Anmeldungen zu CTF's finden immer vor Ort statt.



killer_karpfen schrieb:


> Weis jemand ob man die 44 km Strecke auch mit einem 28 Zoll Crossbike absolvieren kann? Mein Vater würde nämlich auch gerne mitfahren



Wenn mich meine Ortskenntnisse nicht täuschen scheint die gesamte Strecke über Asphalt, "Schotter/"Brechsand" und Waldwege zu führen, sollte also auch mit einem Crossrad zu machen sein, wobei bei den derzeitigen Wegeverhältnissen ein MTB die klar bessere Alternative ist.

Gruß
Christoph


----------



## killer_karpfen (14. Februar 2010)

> Wenn mich meine Ortskenntnisse nicht täuschen scheint die gesamte Strecke über Asphalt, "Schotter/"Brechsand" und Waldwege zu führen



Ich zweifel nicht an deine Kenntnisse aber im internet steht 





> _ mehr fahrerisches Können sowie Fahrradbeherrschung auf vergleichsweise anspruchsvollerem Terrain._



Kann vielleicht noch jemand etwas dazu berichten? Nicht das mein Vater da nachher mitfährt und nicht weiter kommt. Er ist leider kein mountainbiker sondern fährt nur waldwege und straße. Darum auch nur ein Crossbike


----------



## MTB-News.de




----------



## SBIKERC (14. Februar 2010)

sagen wir so
eine CTF ist eine massentaugliche MTB Veranstalltung, vorallem die CTFs im Winter sind meist auf Wegen die man bei jeden Wetter fahren kann -> sprich Schotterwege und Feldewege etc.


----------



## killer_karpfen (14. Februar 2010)

Dann denke ich mal wenn der Schnee nicht zu tief ist schaft er es wohl mit seinem Bike. 

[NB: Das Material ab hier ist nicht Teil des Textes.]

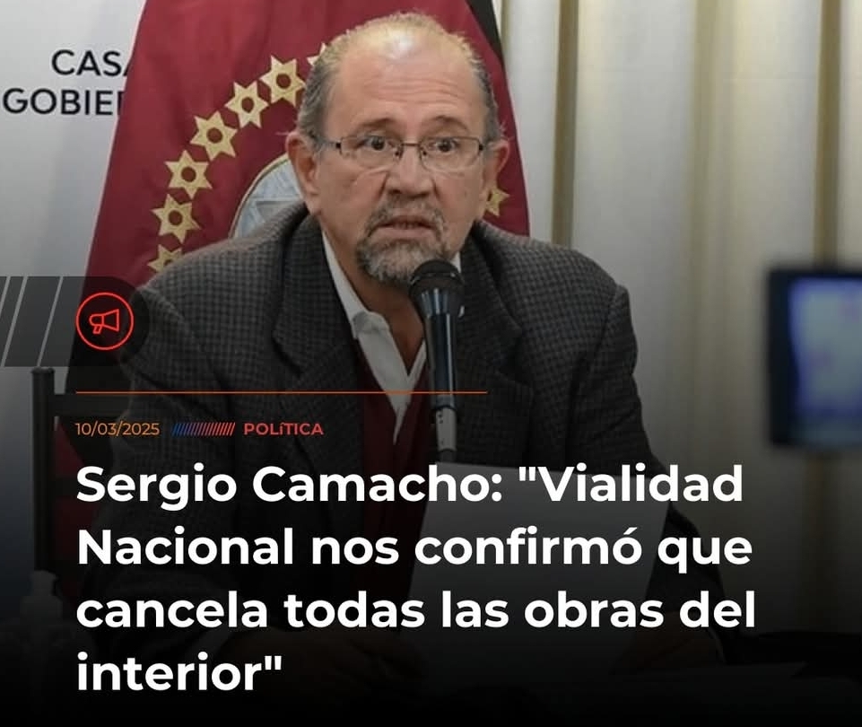 Sergio Camacho: “Vialidad Nacional nos confirmó que cancela todas las obras del interior”.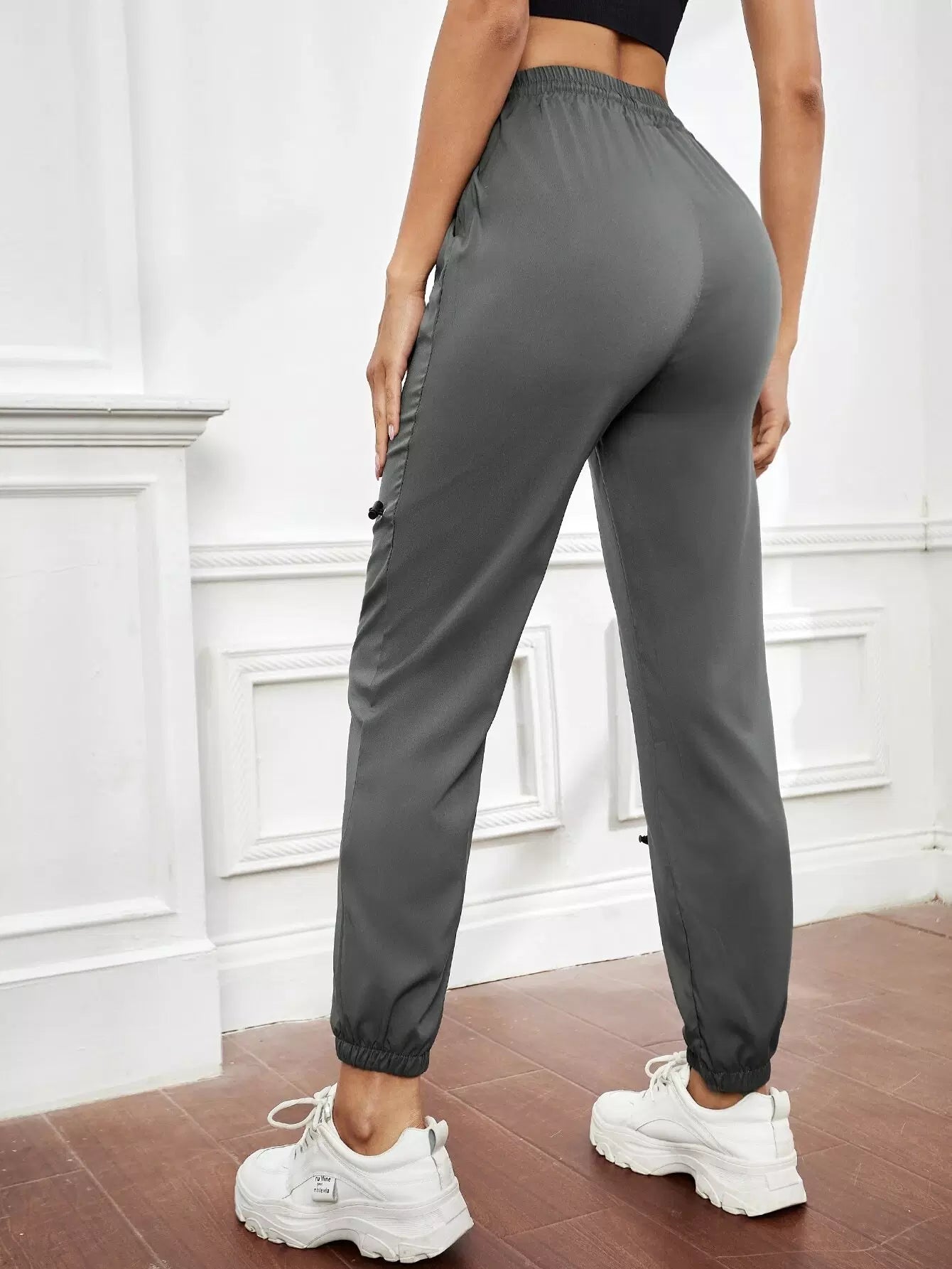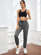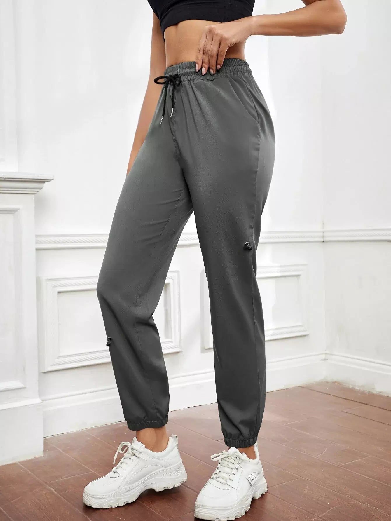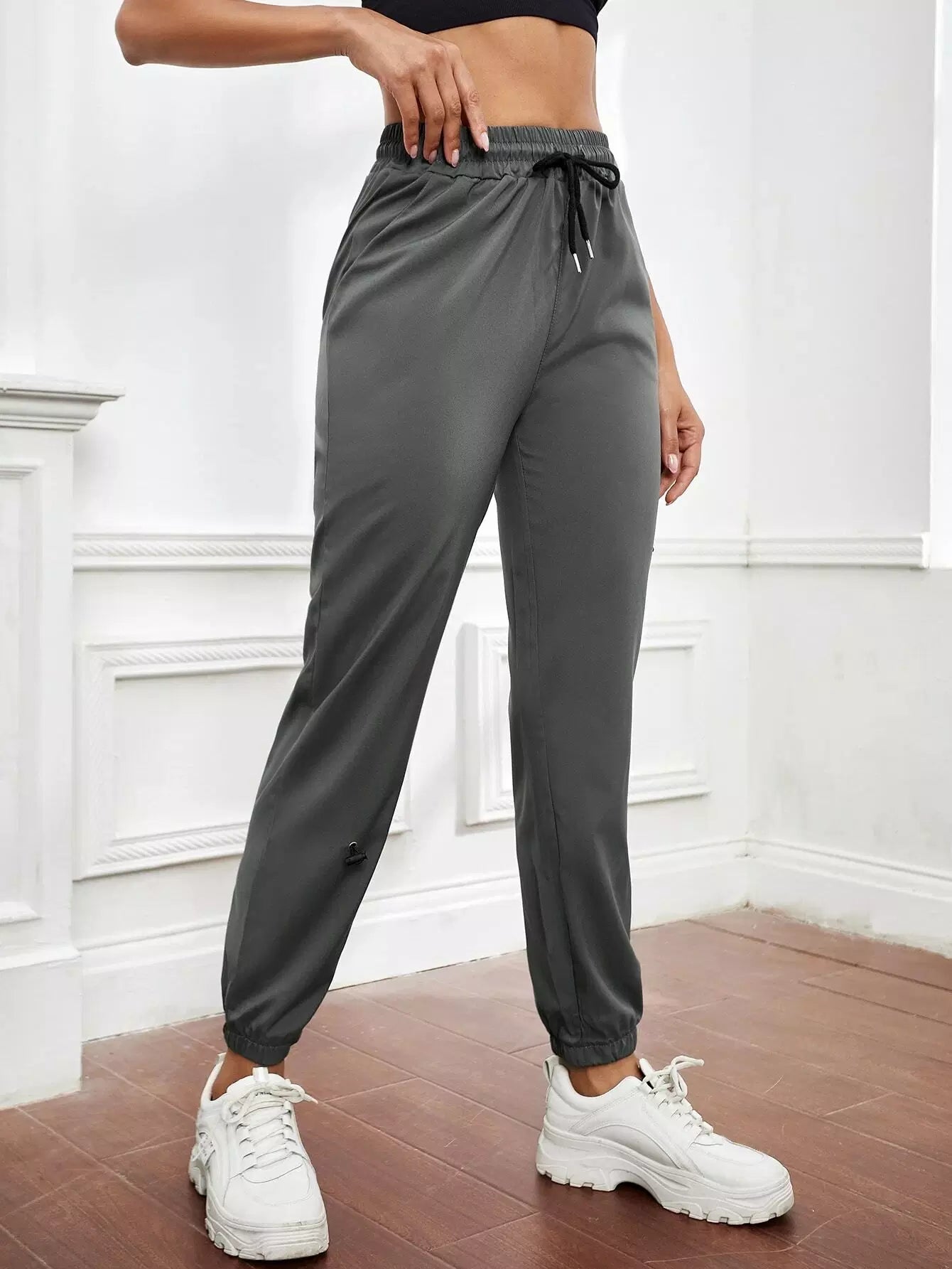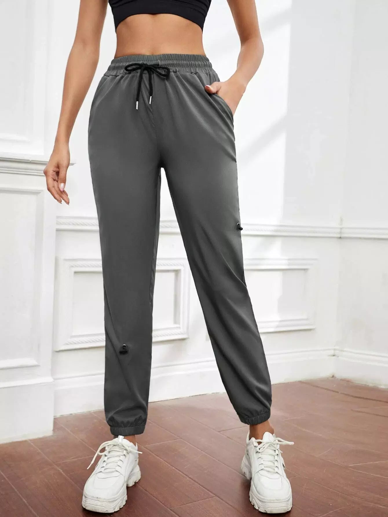Absorbs Sweat Breathable Drawstring Waist Solid Sports Pants

So wie du das schreibst hört es sich so an als wären es eher "langweilige" Wege. Lohnt sich die Teilnahme trotzdem?


----------



## Deleted 83484 (14. Februar 2010)

das klingt ja interessant.....

Wenn das Wetter mitspielt, bin ich dabei!!


----------



## killer_karpfen (15. Februar 2010)

*Thema hoch hol*


----------



## Deleted 83484 (15. Februar 2010)

Ich kenne bisher nur die CTF in Essen-Steele und bin davon sehr begeistert...super Organisation, super Strecke....

sind beide von der Strecke her vergleichbar....vom Anspruch her??


----------



## SBIKERC (18. Februar 2010)

kann gut sein das mein Vater und ich dabei sind


----------



## MTB-News.de




----------



## Deleted 83484 (20. Februar 2010)

Bin doch nicht dabei.....


----------



## SBIKERC (20. Februar 2010)

so Wetter war gut, Strecke war gut ausgeschildert, die Verpflegungsstelle war auch gut bestückt, landschaftlich wars schön

nur keine Start Nr weil Sicherheitsnadeln fehlten (kann man die nicht schnell besorgen  )
und die Strecke war ehr was fürs Tourenräder als wie fürs MTB

trotzdem ganz nettes Grundlagentraining


!!!habe die kleine Runde als GPS Track aufgezeichnet!!!


----------



## killer_karpfen (20. Februar 2010)

Strecke war zwar mehr Straße als Wald oder Schotterwege, aber dennoch supper Strecke. Hat richtig spaß gemacht. Ich bin die 33 km Strecke gefahren, bzw. wollte. Am Ende meiner Tour standen 38 km. Bin aber irgend ein Weg auch 2 mal gefahren . 
Hat mich jemand an einer Bushaltestelle gesehn? Silbernes Merida Bike ca 5 Kilometer vorm Finish. Mir ist die Kette gerissen . Aber zum Glück konnte mich mein "Teamwagen" abholen

Fazit: Trotz gerissener Ketter eine tolle Tour


----------